Rozmowy dookoła Januszna – historia i wspomnienia Pani Marianny Lenarczyk

pionki24.pl 1 miesiąc temu

Koło Gospodyń Wiejskich Zagożdżonki zainicjowało niezwykły projekt pod nazwą „Rozmowy dookoła Januszna”, w ramach którego przeprowadzane są wywiady z mieszkańcami tej miejscowości. Spotkania te mają na celu przybliżenie historii, tradycji oraz codziennego życia dawnych lat, a także ukazanie, jak zmieniała się rzeczywistość na przestrzeni dekad.

Jednym z pierwszych i zarazem wyjątkowych wywiadów w ramach projektu „W Korzeniach Siła Przyszłości” była rozmowa z Panią Marianną Lenarczyk, 90-letnią mieszkaką Januszna. Spotkanie prowadziły nastoletnie sąsiadki Pani Marianny. Całość została zrealizowana dzięki wsparciu Narodowego Instytutu Wolności – Centrum Rozwoju Społeczeństwa Obywatelskiego w ramach Rządowego Programu Fundusz Inicjatyw Obywatelskich NOWEFIO na lata 2021-2030. W produkcji wywiadu brał również udział Michał Wąsik.

Opowieści z dawnych lat

Pani Marianna Lenarczyk podzieliła się swoimi wspomnieniami z życia w Janusznie – od dzieciństwa, przez młodość, aż po dojrzałe lata. W rozmowie powróciły obrazy dawnych wsi, w tym życia bez elektryczności, codziennej pracy na roli, tradycji świątecznych oraz wiejskich zabaw.

Jednym z ciekawszych tematów była jej pasja do krawiectwa. Pani Marianna opowiedziała o swojej drodze do zawodu, kursach w Radomiu oraz życiu jako krawcowa na wsi. Podkreślała, iż kiedyś moda była ponadczasowa, a dzisiejsze trendy nawiązują do dawnych fasonów.

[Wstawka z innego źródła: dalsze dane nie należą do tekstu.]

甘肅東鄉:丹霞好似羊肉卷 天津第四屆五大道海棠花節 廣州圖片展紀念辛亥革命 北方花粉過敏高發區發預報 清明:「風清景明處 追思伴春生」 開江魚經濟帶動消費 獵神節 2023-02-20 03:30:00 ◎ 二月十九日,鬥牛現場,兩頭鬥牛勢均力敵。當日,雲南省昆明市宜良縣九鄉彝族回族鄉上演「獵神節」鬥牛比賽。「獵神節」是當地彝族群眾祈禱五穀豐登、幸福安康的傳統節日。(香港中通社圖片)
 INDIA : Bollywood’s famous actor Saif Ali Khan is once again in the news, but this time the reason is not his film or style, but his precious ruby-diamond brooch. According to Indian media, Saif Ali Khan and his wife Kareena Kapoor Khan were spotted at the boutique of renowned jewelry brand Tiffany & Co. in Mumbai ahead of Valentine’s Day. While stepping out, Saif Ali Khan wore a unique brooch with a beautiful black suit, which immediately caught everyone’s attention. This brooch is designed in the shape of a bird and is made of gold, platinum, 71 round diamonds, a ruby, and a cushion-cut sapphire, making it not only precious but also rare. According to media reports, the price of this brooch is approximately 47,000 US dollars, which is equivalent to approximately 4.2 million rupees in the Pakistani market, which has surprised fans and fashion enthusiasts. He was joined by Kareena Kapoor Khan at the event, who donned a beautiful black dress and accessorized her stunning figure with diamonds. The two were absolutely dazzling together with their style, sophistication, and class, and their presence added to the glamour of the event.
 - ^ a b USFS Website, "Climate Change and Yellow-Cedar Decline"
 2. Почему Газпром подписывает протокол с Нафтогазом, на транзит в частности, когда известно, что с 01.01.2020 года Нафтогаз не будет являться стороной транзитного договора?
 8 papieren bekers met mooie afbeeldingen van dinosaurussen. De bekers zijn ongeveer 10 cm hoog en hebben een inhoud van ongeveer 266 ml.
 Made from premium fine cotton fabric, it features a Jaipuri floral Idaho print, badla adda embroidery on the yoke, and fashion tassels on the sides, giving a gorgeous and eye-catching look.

Wspominała o szyciu sukienek, bluzek na gumkach oraz plisowanych spódnic. Co ciekawe, w swoim dorobku miała również suknie ślubne, w tym trzy dla siebie.

Zmiany w Janusznie na przestrzeni lat

Pani Marianna opowiadała, jak zmieniało się Januszno na przestrzeni lat. Kiedyś w miejscowości znajdowała się poczta, szkoła i choćby siedziba gminy. Niektóre rzeczy jednak pozostały niezmienne – wspomnienia o sąsiedzkiej pomocy i dawnych zwyczajach do dziś żyją w sercach mieszkańców.

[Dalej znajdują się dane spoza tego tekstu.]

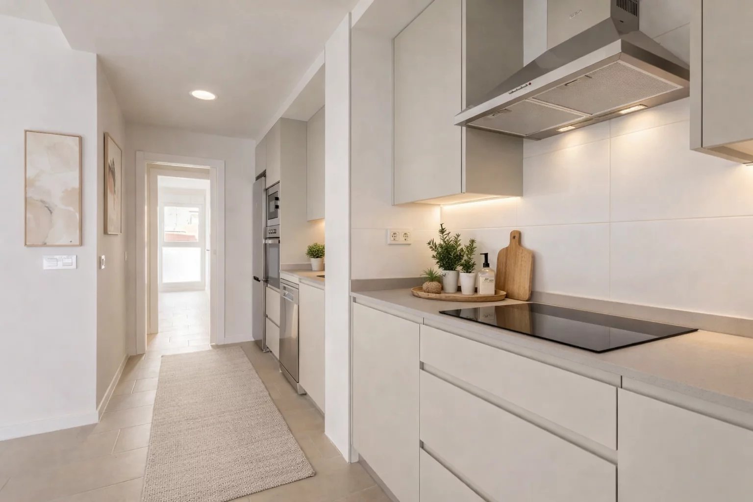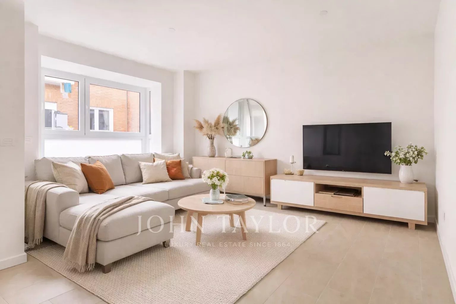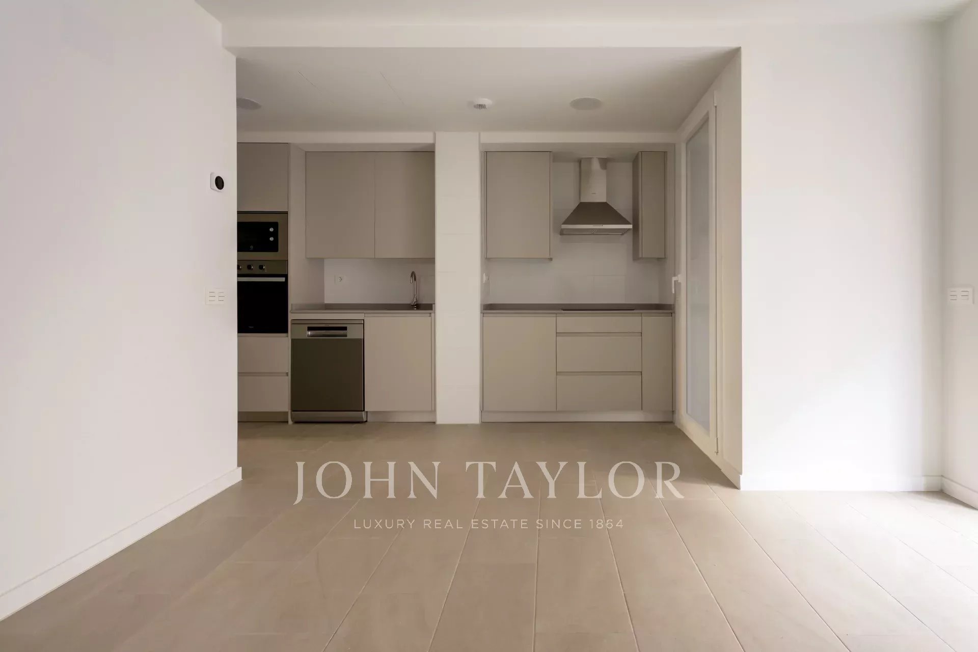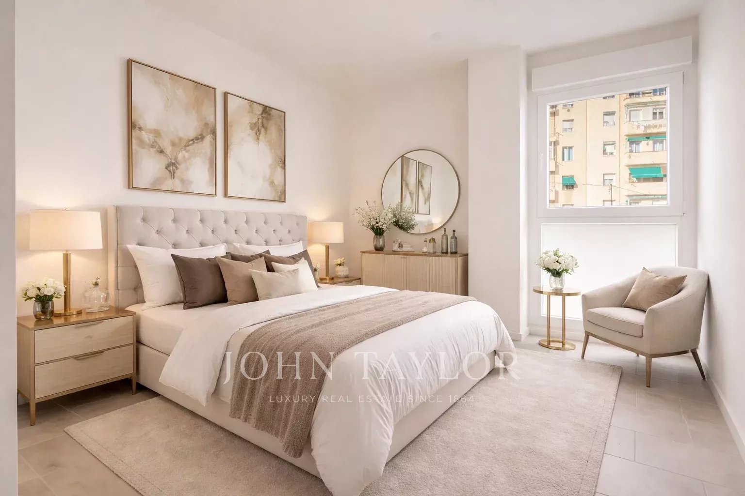 Nemovitost, která se nachází v prvním patře, má 82 m² skvěle rozdělených soukromých prostor, 105 m² včetně repertoáru společných prostor budovy. Má elegantní chodbu s vestavěnými skříněmi, která vede do plně vybavené kuchyně integrované do obývacího pokoje, a také praktickou oddělenou prádelnu. Prosvětlený obývací pokoj s jídelnou navazuje na odpočinkovou zónu, kterou tvoří dvě ložnice, z nichž hlavní má šatnu a vlastní koupelnu, zatímco druhá kompletní koupelna poskytuje servis vedlejší ložnici a návštěvám. Celý objekt je kromě koupelen v exteriéru, což zaručuje nádherný vstup přirozeného světla a příjemný pocit prostornosti.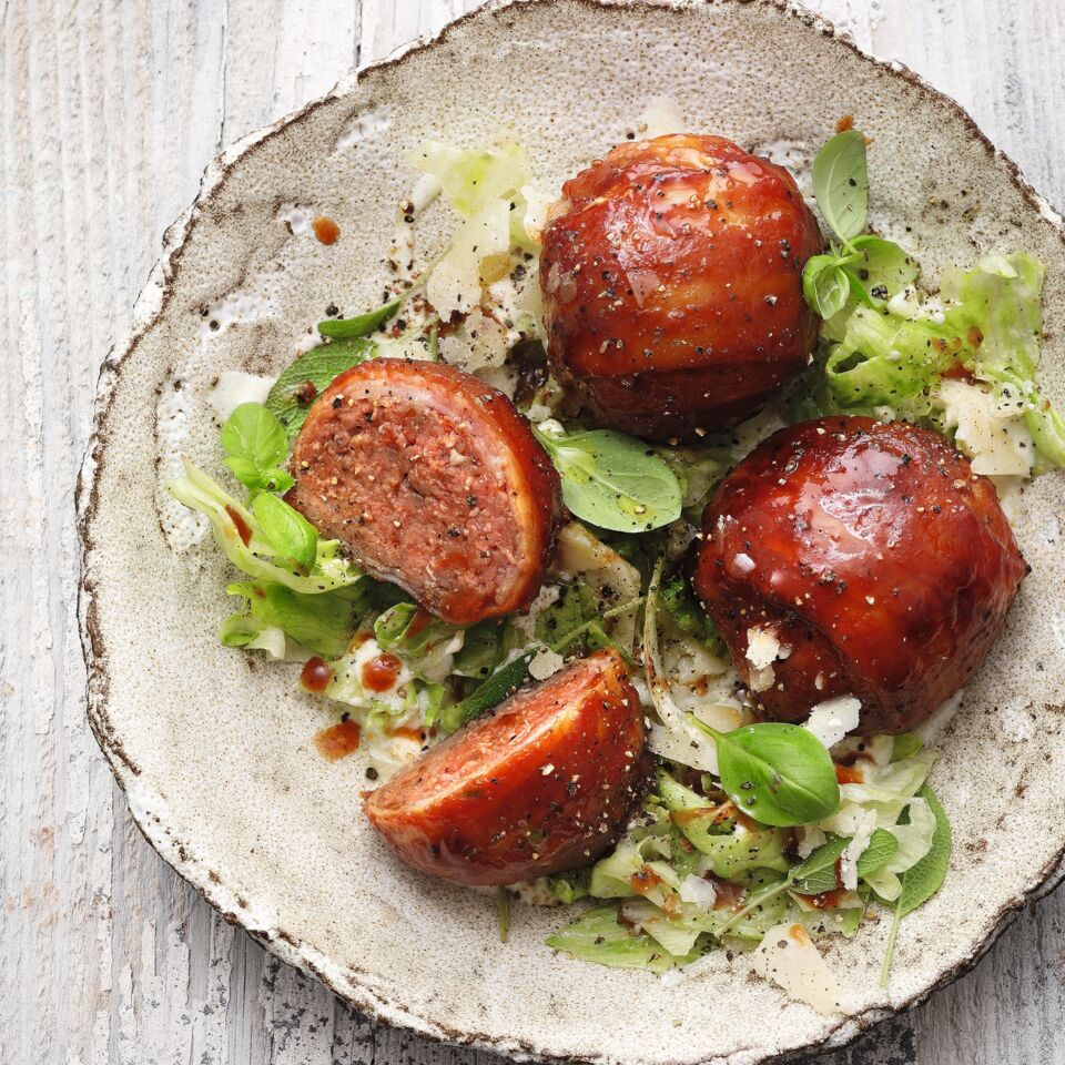 Die Moink Balls weitere 10 Min. grillen und dabei immer wieder mit 150 ml BBQ-Sauce einpinseln, bis sie aufgebraucht ist. Zum Servieren die Moink Balls nach Belieben auf einem Salat anrichten und die restliche BBQ- Sauce dazu reichen.

Pani Marianna podkreślała, iż tradycje świąteczne, takie jak przygotowywanie kapuściaczka zamiast czerwonego barszczu czy obchodzenie Kusaków, z czasem zanikały. Mimo to, wiele dawnych obyczajów przez cały czas przetrwało w pamięci starszych pokoleń.

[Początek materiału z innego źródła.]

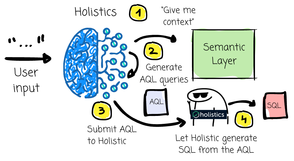 Back to Holistics, the way they build the text-to-SQL will look like this: they trained their AI models to accept natural language input and output the AQL queries with the help of the semantic layer. The AQL query is then converted to a SQL query.
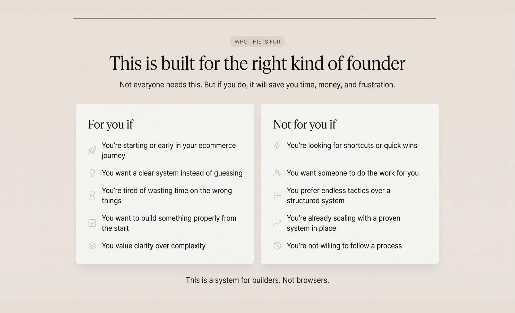 If you're building or scaling an ecommerce brand, the framework is designed to apply.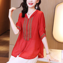 晴恋夕云衬衫女2021夏季新款百搭民族风连帽衬衫女 红色 L【建议105-115斤】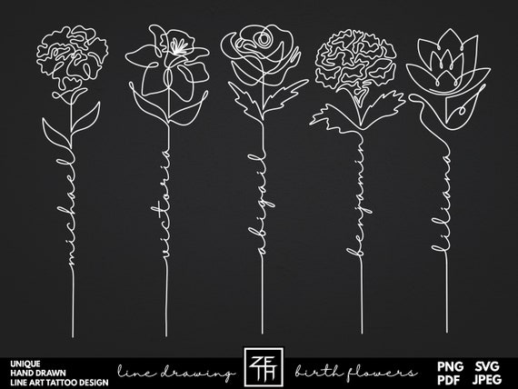 Custom Name Long Sleeve Birth Flower Tattoo Design Line Art Etsy Canada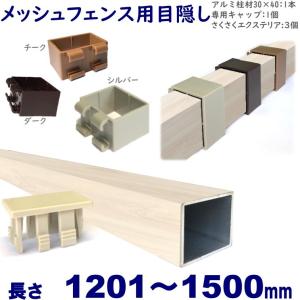 メッシュフェンス用目隠し 木目調 後付け 簡単取付 ダーク アルミ柱材30X40XL1200mm 厚み1.8mm キャップ付 さくさくエクステリアセット
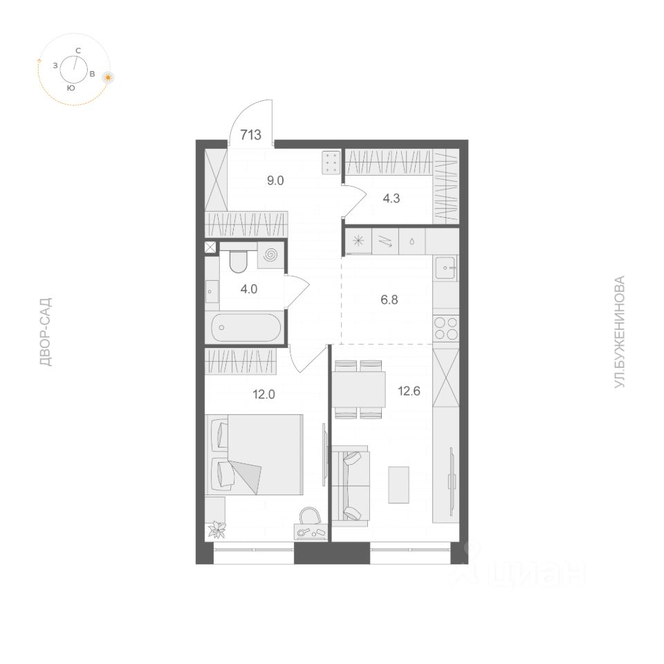 Общая площадь48,7 м²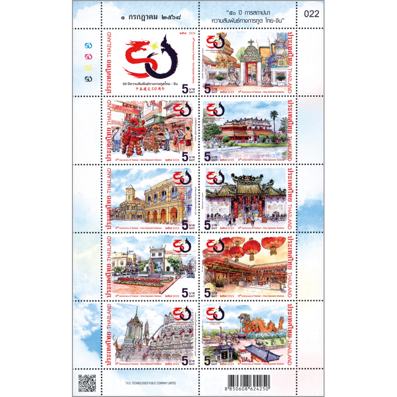 記念ロゴ1種と中国との文化的交流を表す図案9種(ワット・ポーの中国様式の石彫刻、春節の獅子舞、ウェハートチャムルーン王座、プーケット旧市街のシノ・ポルトガル(中華・ポルトガル様式)建築群、バンコクの中国寺院・龍蓮寺、ソンクラー旧市街(中華街)、スパンブリー県の天龍公園ほか。

Codzienne życie w dawnych czasach

Podczas rozmowy poruszono temat hodowli zwierząt i upraw roli. Kiedyś każde gospodarstwo miało krowy, konie, kury, a choćby gęsi i króliki. Życie codzienne było pełne pracy – od polowych obowiązków po domowe zajęcia, jak pieczenie chleba czy przygotowywanie posiłków z własnych plonów.

Przesłanie dla młodego pokolenia

Zapytana o to, co chciałaby przekazać młodym ludziom, Pani Marianna podkreślała wartość pracy i doceniania tego, co się ma. Historia jej życia to lekcja pokory, wytrwałości i siły rodzinnych więzi.